*** Block opens ***

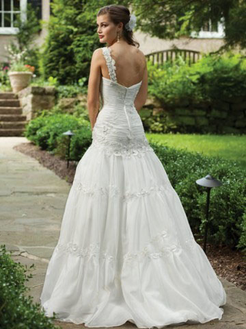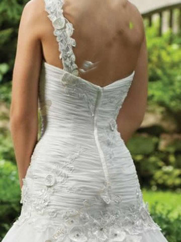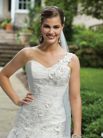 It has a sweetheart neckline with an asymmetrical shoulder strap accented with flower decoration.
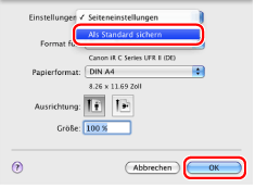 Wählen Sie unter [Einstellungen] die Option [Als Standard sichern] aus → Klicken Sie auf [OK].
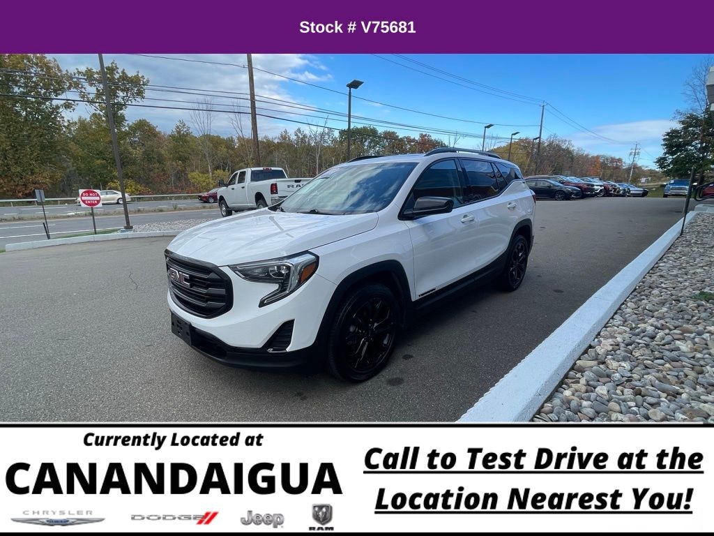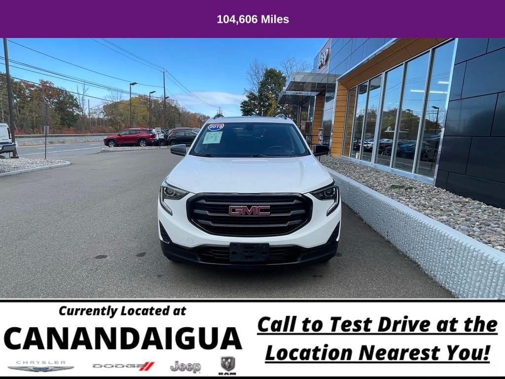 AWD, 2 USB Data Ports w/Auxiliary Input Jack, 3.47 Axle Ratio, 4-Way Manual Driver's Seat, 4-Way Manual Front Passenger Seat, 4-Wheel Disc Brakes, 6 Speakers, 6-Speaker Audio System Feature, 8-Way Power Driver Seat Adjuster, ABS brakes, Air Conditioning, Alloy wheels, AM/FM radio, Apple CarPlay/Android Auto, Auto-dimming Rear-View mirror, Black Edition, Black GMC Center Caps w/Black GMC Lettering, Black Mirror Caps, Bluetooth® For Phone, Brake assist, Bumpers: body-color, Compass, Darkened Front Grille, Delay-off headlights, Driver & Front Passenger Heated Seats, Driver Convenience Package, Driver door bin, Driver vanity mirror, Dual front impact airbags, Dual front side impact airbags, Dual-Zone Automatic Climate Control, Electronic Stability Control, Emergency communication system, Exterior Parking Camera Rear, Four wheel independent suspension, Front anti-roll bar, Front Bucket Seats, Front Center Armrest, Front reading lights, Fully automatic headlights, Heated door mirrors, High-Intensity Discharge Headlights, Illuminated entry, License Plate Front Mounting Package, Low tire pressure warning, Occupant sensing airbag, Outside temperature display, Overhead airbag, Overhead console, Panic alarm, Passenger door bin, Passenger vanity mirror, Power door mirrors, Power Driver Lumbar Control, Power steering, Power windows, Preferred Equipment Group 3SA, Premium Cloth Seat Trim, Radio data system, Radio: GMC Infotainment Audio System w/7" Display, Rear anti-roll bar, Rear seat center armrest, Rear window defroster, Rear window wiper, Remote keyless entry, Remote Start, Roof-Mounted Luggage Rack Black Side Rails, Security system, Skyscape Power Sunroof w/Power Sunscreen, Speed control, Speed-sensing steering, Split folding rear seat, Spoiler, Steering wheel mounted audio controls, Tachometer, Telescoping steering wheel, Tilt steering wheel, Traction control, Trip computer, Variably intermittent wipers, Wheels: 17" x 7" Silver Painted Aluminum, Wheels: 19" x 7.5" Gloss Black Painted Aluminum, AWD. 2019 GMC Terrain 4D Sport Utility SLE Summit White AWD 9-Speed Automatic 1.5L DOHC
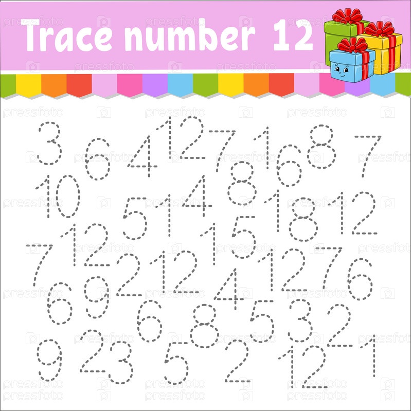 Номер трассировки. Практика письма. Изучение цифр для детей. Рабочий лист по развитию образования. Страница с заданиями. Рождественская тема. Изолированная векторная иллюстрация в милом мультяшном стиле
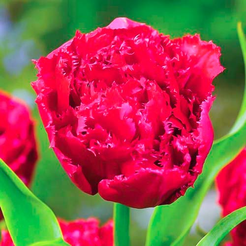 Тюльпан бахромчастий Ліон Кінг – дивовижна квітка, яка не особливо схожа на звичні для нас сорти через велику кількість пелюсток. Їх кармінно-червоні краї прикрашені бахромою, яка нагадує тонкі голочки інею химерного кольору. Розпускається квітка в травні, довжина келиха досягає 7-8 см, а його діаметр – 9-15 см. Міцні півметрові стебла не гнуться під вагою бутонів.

*** Block closes ***
*** Block opens ***

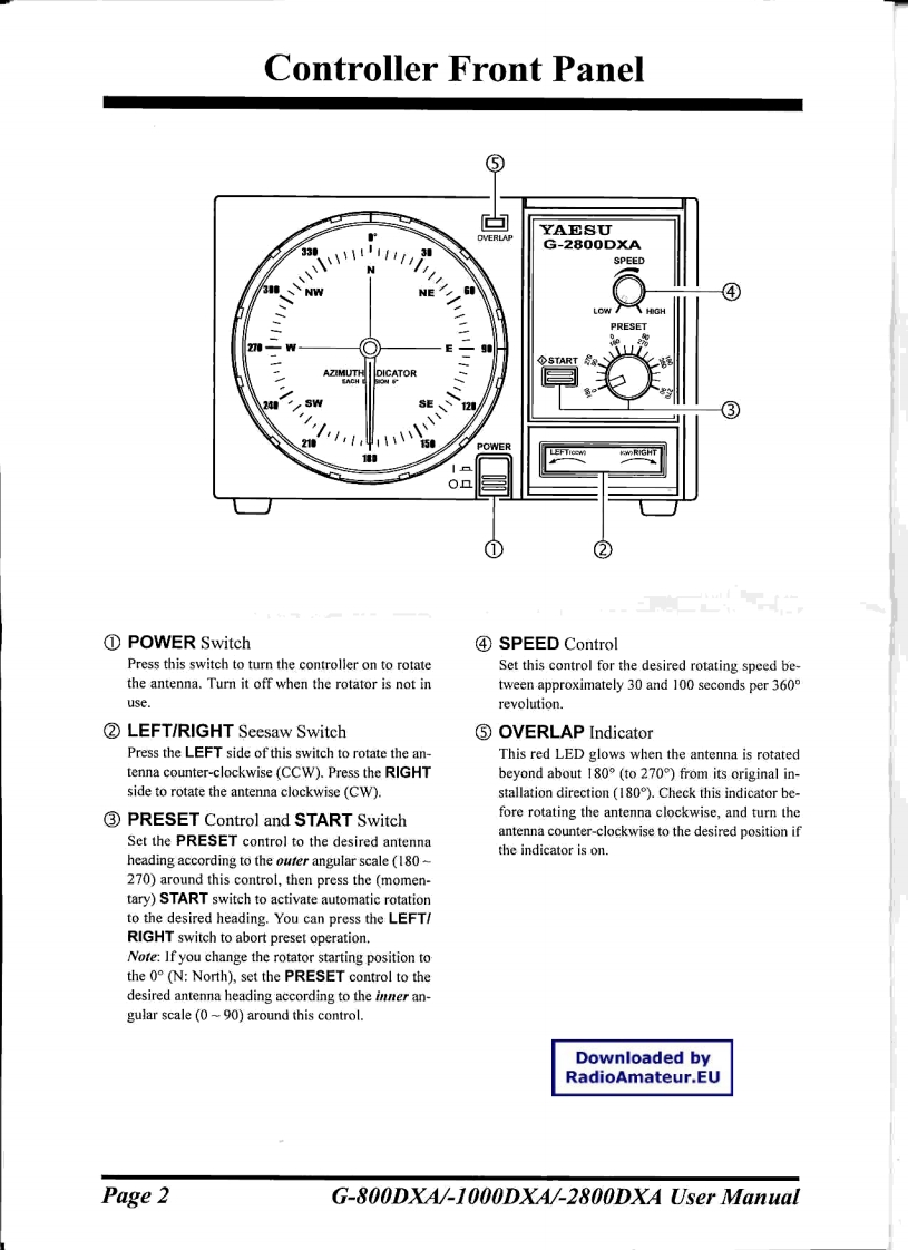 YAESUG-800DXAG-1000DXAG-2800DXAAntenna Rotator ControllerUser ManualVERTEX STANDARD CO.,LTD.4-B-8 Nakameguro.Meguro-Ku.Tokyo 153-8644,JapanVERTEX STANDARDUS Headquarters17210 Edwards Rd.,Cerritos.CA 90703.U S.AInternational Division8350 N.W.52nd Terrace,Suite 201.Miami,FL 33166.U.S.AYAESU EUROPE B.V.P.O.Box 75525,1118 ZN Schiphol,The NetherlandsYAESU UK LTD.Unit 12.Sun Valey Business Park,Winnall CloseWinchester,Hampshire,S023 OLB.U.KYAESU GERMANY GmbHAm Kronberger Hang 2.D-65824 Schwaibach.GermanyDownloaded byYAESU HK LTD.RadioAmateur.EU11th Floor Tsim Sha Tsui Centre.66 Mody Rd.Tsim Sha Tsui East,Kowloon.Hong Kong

*** Block closes ***

> [GOAL OF THE EXERCISE]: Look above for the line with "It has a sweetheart" and the line with "Wählen Sie unter", then restate exactly those two lines and all lines between them, with no pictures.

> [ANSWER SPACE]:
 It has a sweetheart neckline with an asymmetrical shoulder strap accented with flower decoration.
 Wählen Sie unter [Einstellungen] die Option [Als Standard sichern] aus → Klicken Sie auf [OK].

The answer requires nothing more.